> [Available records]:
----------------------------------------
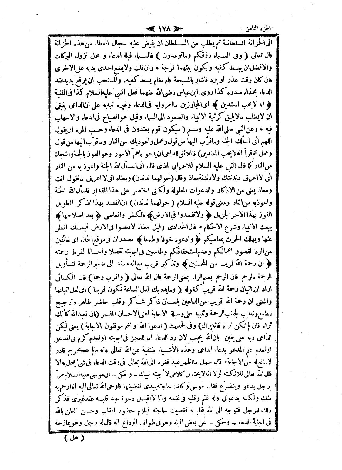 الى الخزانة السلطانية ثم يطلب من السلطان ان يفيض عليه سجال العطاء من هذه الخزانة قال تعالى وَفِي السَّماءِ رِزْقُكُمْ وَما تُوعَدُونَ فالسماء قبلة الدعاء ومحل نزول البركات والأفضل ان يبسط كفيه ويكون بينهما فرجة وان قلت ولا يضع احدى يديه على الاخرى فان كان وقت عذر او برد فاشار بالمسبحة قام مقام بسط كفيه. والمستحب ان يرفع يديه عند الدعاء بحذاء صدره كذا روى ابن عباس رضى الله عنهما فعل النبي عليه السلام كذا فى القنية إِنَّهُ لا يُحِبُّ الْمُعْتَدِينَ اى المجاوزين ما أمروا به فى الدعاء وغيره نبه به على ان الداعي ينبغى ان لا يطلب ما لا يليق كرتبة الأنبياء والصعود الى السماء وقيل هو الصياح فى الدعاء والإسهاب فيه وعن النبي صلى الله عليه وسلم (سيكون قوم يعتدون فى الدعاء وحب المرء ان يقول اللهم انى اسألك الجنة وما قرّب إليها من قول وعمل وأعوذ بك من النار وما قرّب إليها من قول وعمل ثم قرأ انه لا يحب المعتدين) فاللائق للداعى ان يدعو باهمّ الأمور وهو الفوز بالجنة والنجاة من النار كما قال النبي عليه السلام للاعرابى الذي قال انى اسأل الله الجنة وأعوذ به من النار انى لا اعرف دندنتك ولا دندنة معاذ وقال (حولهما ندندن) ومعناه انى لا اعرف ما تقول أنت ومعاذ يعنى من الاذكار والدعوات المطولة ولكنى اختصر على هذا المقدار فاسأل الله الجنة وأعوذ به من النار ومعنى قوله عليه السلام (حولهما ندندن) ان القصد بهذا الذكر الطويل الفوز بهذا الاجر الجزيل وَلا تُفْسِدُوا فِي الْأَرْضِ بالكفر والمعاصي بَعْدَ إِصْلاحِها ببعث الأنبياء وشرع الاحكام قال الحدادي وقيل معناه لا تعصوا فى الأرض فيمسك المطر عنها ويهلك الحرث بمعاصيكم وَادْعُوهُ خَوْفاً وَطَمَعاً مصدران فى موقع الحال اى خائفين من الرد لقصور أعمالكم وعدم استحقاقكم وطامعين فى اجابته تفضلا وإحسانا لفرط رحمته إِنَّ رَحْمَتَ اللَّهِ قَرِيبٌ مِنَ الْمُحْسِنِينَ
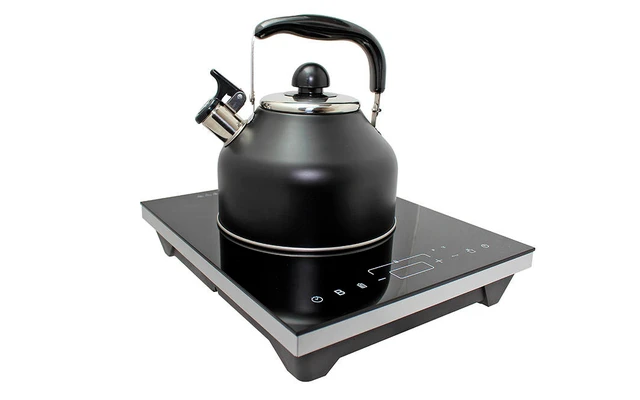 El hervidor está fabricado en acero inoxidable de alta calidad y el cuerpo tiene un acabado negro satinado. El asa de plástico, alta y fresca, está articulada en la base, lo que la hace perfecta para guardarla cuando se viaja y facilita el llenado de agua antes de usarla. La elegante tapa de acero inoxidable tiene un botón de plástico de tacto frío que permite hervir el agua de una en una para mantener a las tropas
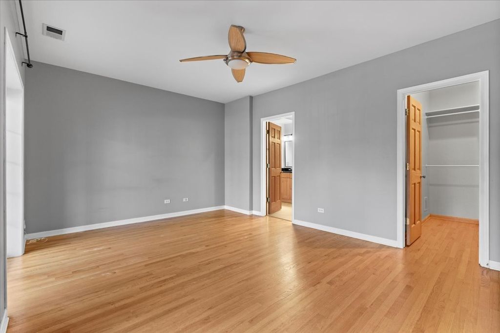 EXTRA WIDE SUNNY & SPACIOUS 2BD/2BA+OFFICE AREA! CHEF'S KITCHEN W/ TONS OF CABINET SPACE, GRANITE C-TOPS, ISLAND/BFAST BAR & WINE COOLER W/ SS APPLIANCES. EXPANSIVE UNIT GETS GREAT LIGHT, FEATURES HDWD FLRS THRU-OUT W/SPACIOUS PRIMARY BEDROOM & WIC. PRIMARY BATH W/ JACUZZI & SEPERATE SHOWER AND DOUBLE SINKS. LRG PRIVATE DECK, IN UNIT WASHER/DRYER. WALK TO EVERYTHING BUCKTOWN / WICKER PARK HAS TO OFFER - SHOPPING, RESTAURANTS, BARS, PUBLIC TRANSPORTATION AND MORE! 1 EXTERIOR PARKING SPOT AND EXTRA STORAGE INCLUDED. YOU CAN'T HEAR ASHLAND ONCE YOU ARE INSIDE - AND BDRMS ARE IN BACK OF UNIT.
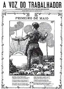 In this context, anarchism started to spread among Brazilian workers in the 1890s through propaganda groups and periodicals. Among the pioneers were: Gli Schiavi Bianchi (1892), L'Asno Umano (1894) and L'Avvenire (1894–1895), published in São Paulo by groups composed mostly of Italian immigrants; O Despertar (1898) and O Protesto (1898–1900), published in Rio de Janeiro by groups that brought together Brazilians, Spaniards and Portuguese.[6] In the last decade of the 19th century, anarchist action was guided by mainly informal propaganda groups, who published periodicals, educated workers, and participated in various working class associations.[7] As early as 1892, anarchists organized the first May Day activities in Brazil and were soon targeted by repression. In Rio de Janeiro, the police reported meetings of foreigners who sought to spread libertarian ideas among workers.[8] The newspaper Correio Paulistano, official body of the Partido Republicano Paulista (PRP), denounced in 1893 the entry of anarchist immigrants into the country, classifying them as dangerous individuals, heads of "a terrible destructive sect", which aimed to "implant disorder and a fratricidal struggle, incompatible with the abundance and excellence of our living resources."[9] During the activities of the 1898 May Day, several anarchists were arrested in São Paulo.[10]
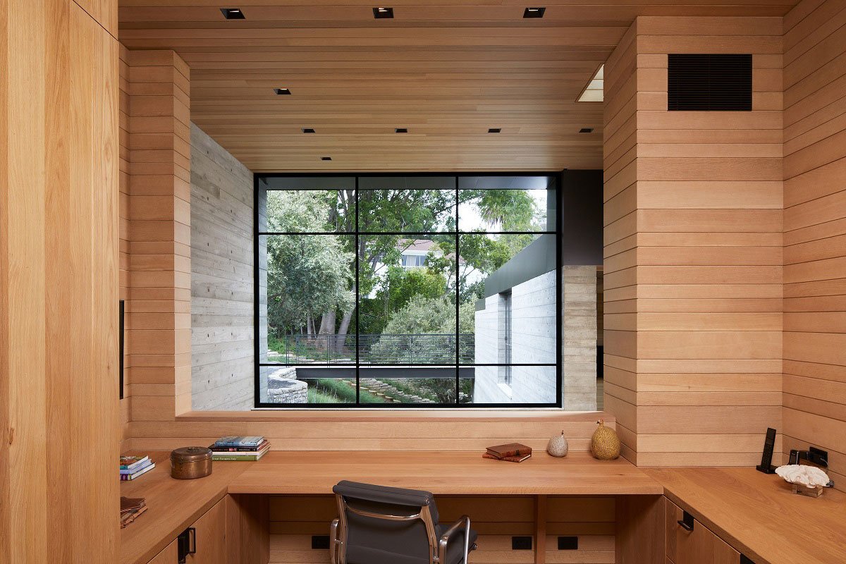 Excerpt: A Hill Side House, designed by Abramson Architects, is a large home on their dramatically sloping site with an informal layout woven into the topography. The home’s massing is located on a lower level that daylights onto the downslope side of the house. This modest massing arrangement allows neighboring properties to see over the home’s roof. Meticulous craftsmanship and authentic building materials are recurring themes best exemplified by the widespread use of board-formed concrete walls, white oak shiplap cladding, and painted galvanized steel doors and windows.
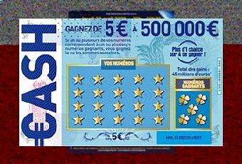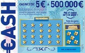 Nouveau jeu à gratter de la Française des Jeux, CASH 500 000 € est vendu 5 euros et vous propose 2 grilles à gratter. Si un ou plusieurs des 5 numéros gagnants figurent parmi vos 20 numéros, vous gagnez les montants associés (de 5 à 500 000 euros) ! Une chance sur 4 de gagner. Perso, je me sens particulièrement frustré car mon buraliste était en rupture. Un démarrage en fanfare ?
----------------------------------------
> [Description of the task]: Starting at the first line of the records and stopping after the line with "El hervidor está", copy each line exactly; pictures stay out.

> [Exercise answer]:
 الى الخزانة السلطانية ثم يطلب من السلطان ان يفيض عليه سجال العطاء من هذه الخزانة قال تعالى وَفِي السَّماءِ رِزْقُكُمْ وَما تُوعَدُونَ فالسماء قبلة الدعاء ومحل نزول البركات والأفضل ان يبسط كفيه ويكون بينهما فرجة وان قلت ولا يضع احدى يديه على الاخرى فان كان وقت عذر او برد فاشار بالمسبحة قام مقام بسط كفيه. والمستحب ان يرفع يديه عند الدعاء بحذاء صدره كذا روى ابن عباس رضى الله عنهما فعل النبي عليه السلام كذا فى القنية إِنَّهُ لا يُحِبُّ الْمُعْتَدِينَ اى المجاوزين ما أمروا به فى الدعاء وغيره نبه به على ان الداعي ينبغى ان لا يطلب ما لا يليق كرتبة الأنبياء والصعود الى السماء وقيل هو الصياح فى الدعاء والإسهاب فيه وعن النبي صلى الله عليه وسلم (سيكون قوم يعتدون فى الدعاء وحب المرء ان يقول اللهم انى اسألك الجنة وما قرّب إليها من قول وعمل وأعوذ بك من النار وما قرّب إليها من قول وعمل ثم قرأ انه لا يحب المعتدين) فاللائق للداعى ان يدعو باهمّ الأمور وهو الفوز بالجنة والنجاة من النار كما قال النبي عليه السلام للاعرابى الذي قال انى اسأل الله الجنة وأعوذ به من النار انى لا اعرف دندنتك ولا دندنة معاذ وقال (حولهما ندندن) ومعناه انى لا اعرف ما تقول أنت ومعاذ يعنى من الاذكار والدعوات المطولة ولكنى اختصر على هذا المقدار فاسأل الله الجنة وأعوذ به من النار ومعنى قوله عليه السلام (حولهما ندندن) ان القصد بهذا الذكر الطويل الفوز بهذا الاجر الجزيل وَلا تُفْسِدُوا فِي الْأَرْضِ بالكفر والمعاصي بَعْدَ إِصْلاحِها ببعث الأنبياء وشرع الاحكام قال الحدادي وقيل معناه لا تعصوا فى الأرض فيمسك المطر عنها ويهلك الحرث بمعاصيكم وَادْعُوهُ خَوْفاً وَطَمَعاً مصدران فى موقع الحال اى خائفين من الرد لقصور أعمالكم وعدم استحقاقكم وطامعين فى اجابته تفضلا وإحسانا لفرط رحمته إِنَّ رَحْمَتَ اللَّهِ قَرِيبٌ مِنَ الْمُحْسِنِينَ
 El hervidor está fabricado en acero inoxidable de alta calidad y el cuerpo tiene un acabado negro satinado. El asa de plástico, alta y fresca, está articulada en la base, lo que la hace perfecta para guardarla cuando se viaja y facilita el llenado de agua antes de usarla. La elegante tapa de acero inoxidable tiene un botón de plástico de tacto frío que permite hervir el agua de una en una para mantener a las tropas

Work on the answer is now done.